Department of Hematology, St. Jude Children ’ s Research Hospital, Memphis, TN 38105-3678, USA.
Leuk Lymphoma. 2013 Aug;54(8):1719-23. doi: 10.3109/10428194.2012.750724. Epub 2012 Dec 22.
The risk from cumulative erythrocyte transfusions is poorly understood in oncology populations. This analysis among long-term survivors explored variation in transfusional burden over progressive eras of treatment identifying those at risk for iron overload. Transfusion records of 982 survivors of hematological malignancies treated at St. Jude were reviewed. After exclusions, 881 (90%) were assessed for cumulative volume, weight-adjusted volume and transfusion number. Treatment intensity was assigned using the Intensity of Treatment Rating Scale version 3.0 (ITR-3). Hematopoietic stem cell transplant and acute myeloid leukemia survivors had greater transfusional burden than conventional therapy recipients and acute lymphoblastic leukemia survivors, respectively. Survivors of 5-10 years were more likely than survivors of > 10 years to receive ≥ 10 transfusions (odds ratio = 2.0, 95% confidence interval 1.5-2.8). Those with higher ITR-3 scores and more recent decades of treatment had a higher transfusional burden. Comprehensive transfusion histories are useful in identifying those at highest risk for iron overload.

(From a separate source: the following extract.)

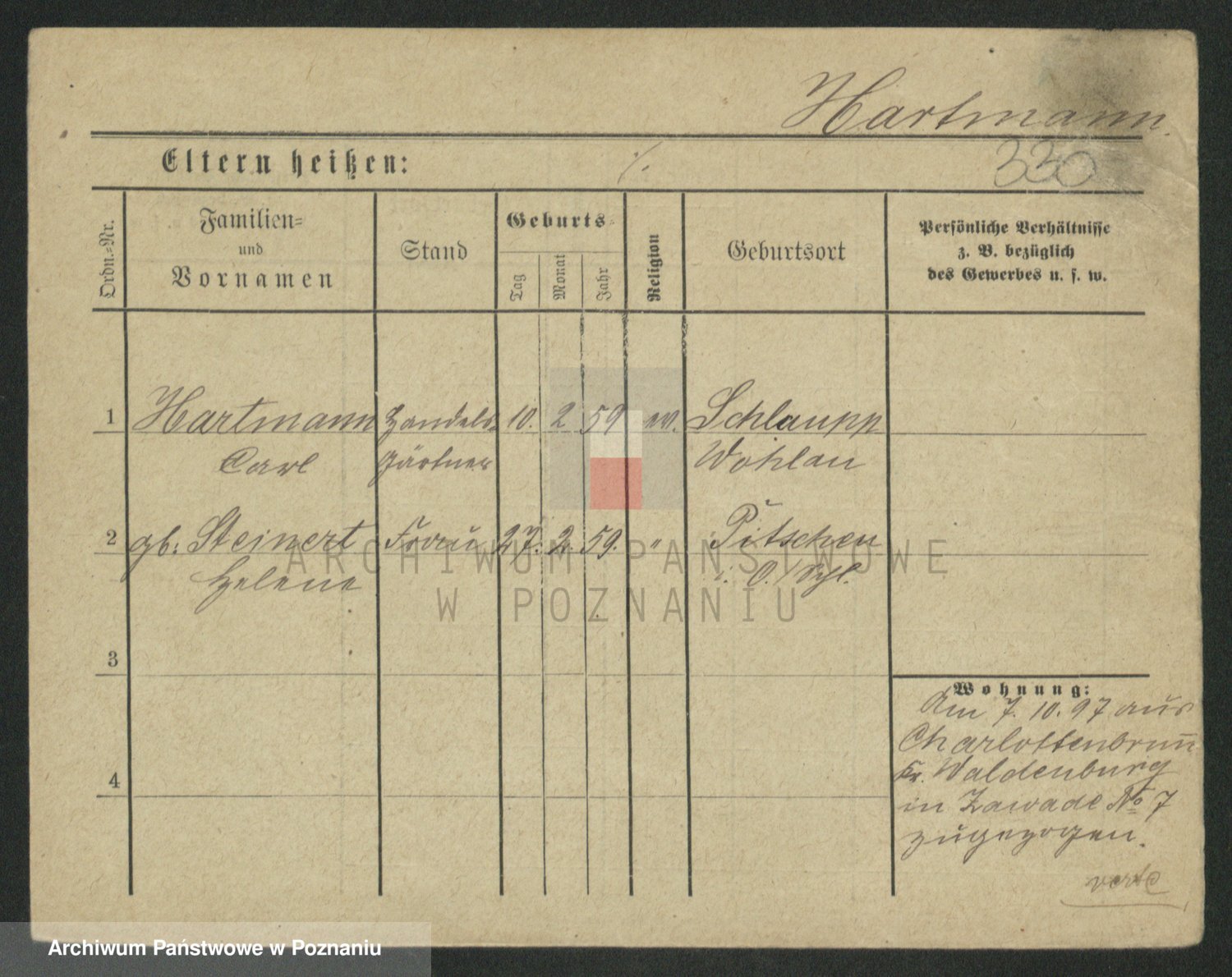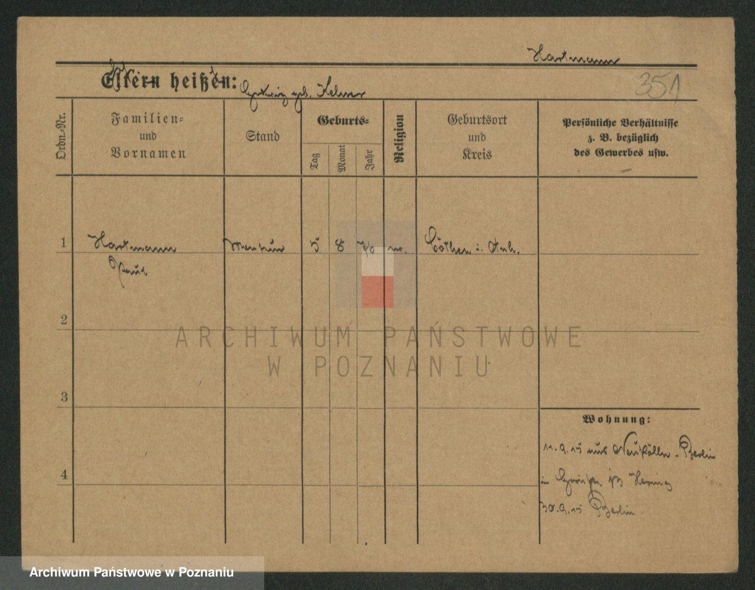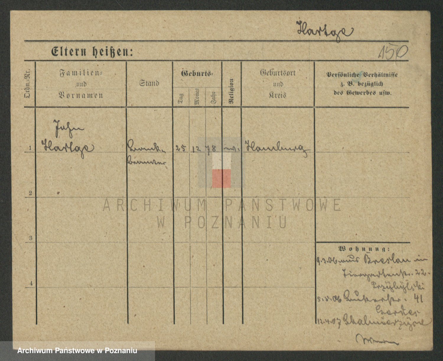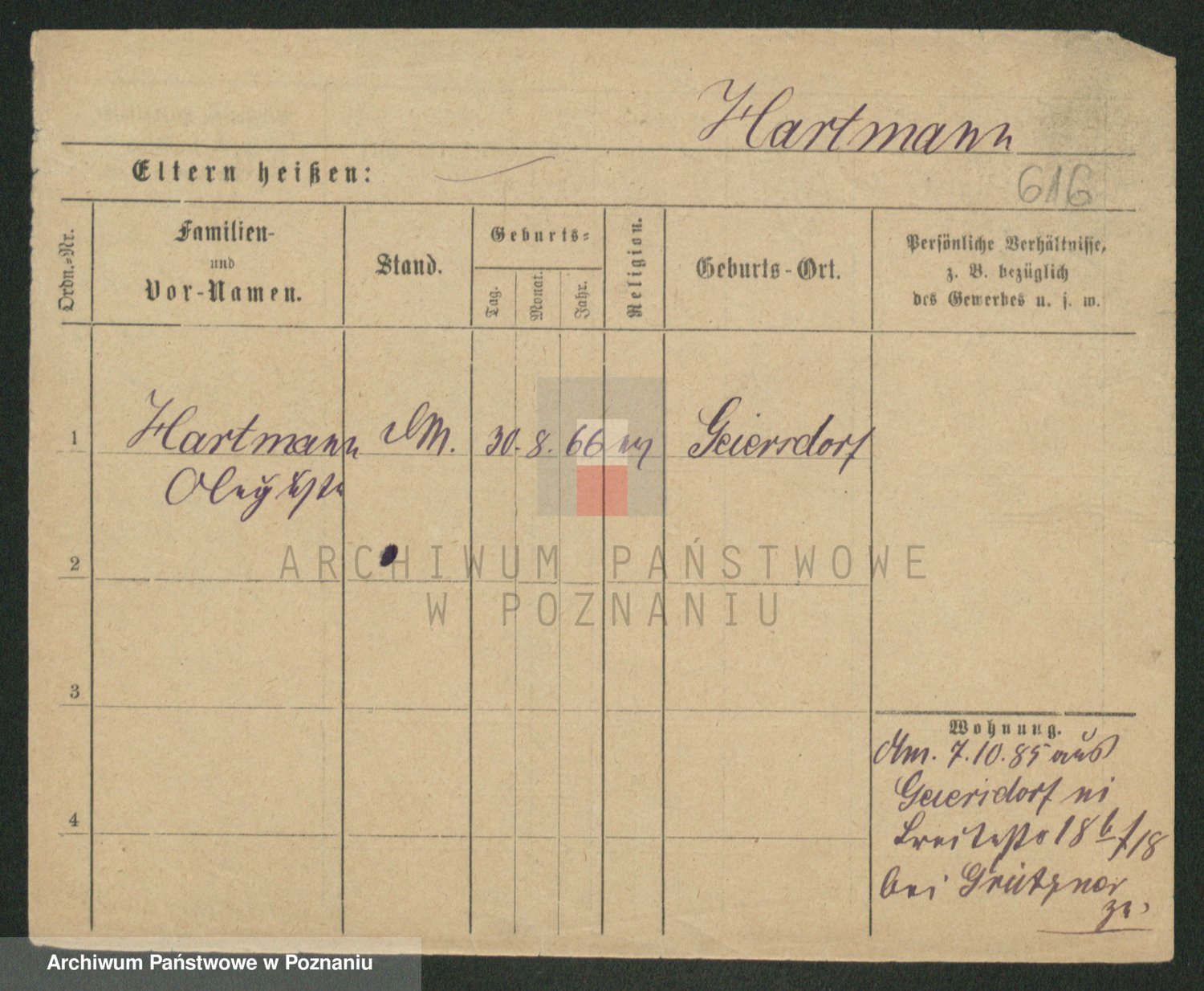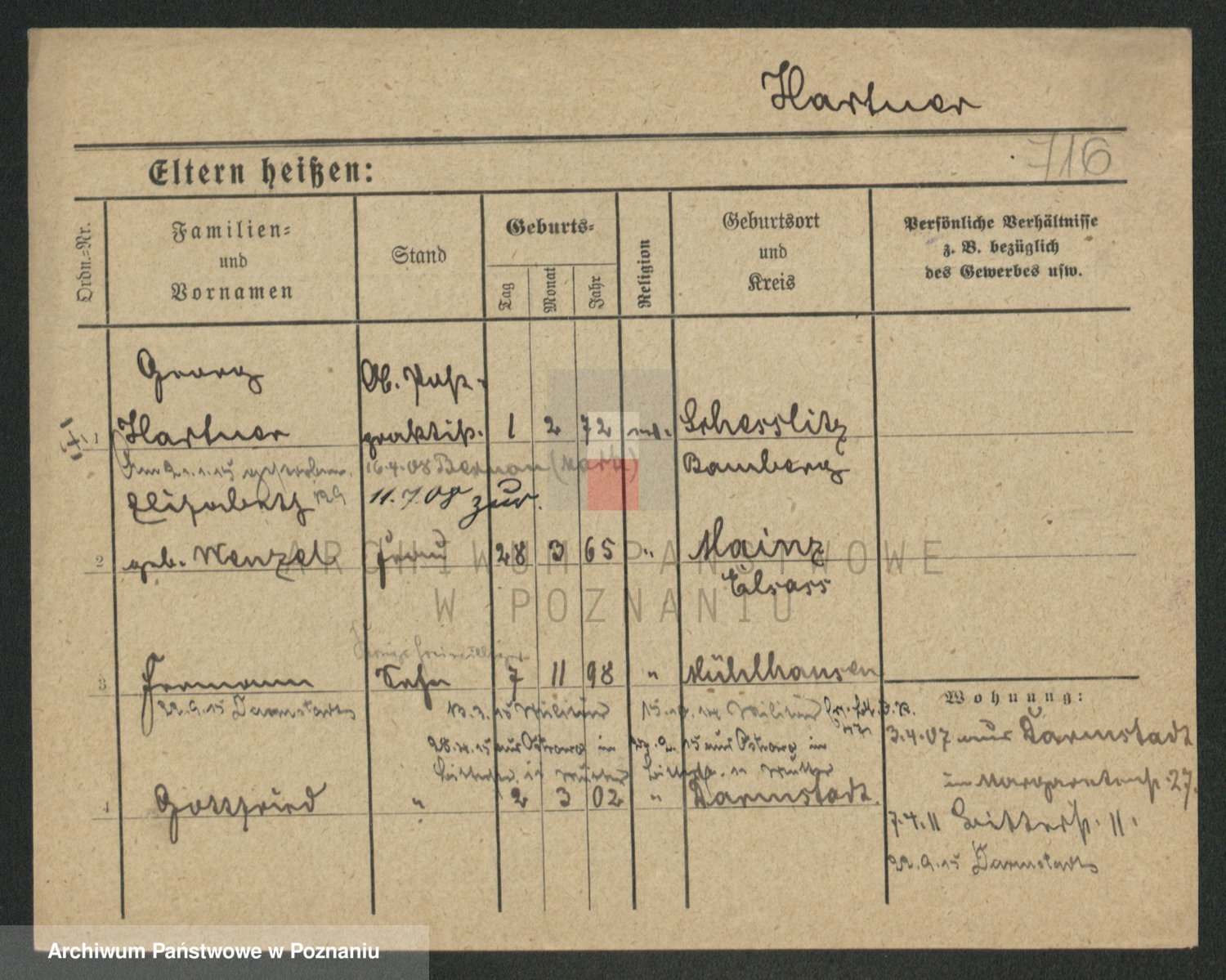 Hartwig z d. Schumacher I voto Wende, Amalie

在肿瘤患者中,人们对累积性红细胞输注的风险认识不足。本研究通过对长期生存者进行分析,探讨了治疗不同阶段输血负担的变化,以确定哪些患者有发生铁过载的风险。对在圣裘德医院接受治疗的 982 例血液系统恶性肿瘤幸存者的输血记录进行了回顾。排除后,对 881 例(90%)进行了累计体积、体重校正体积和输血次数的评估。采用治疗强度评分 3.0 版(ITR-3)来评估治疗强度。造血干细胞移植和急性髓系白血病幸存者的输血负担均大于常规治疗和急性淋巴细胞白血病幸存者。与治疗后>10 年的幸存者相比,5-10 年的幸存者更有可能接受≥10 次输血(比值比=2.0,95%置信区间为 1.5-2.8)。那些 ITR-3 评分较高和最近几十年接受治疗的患者输血负担更高。全面的输血史有助于识别那些铁过载风险最高的患者。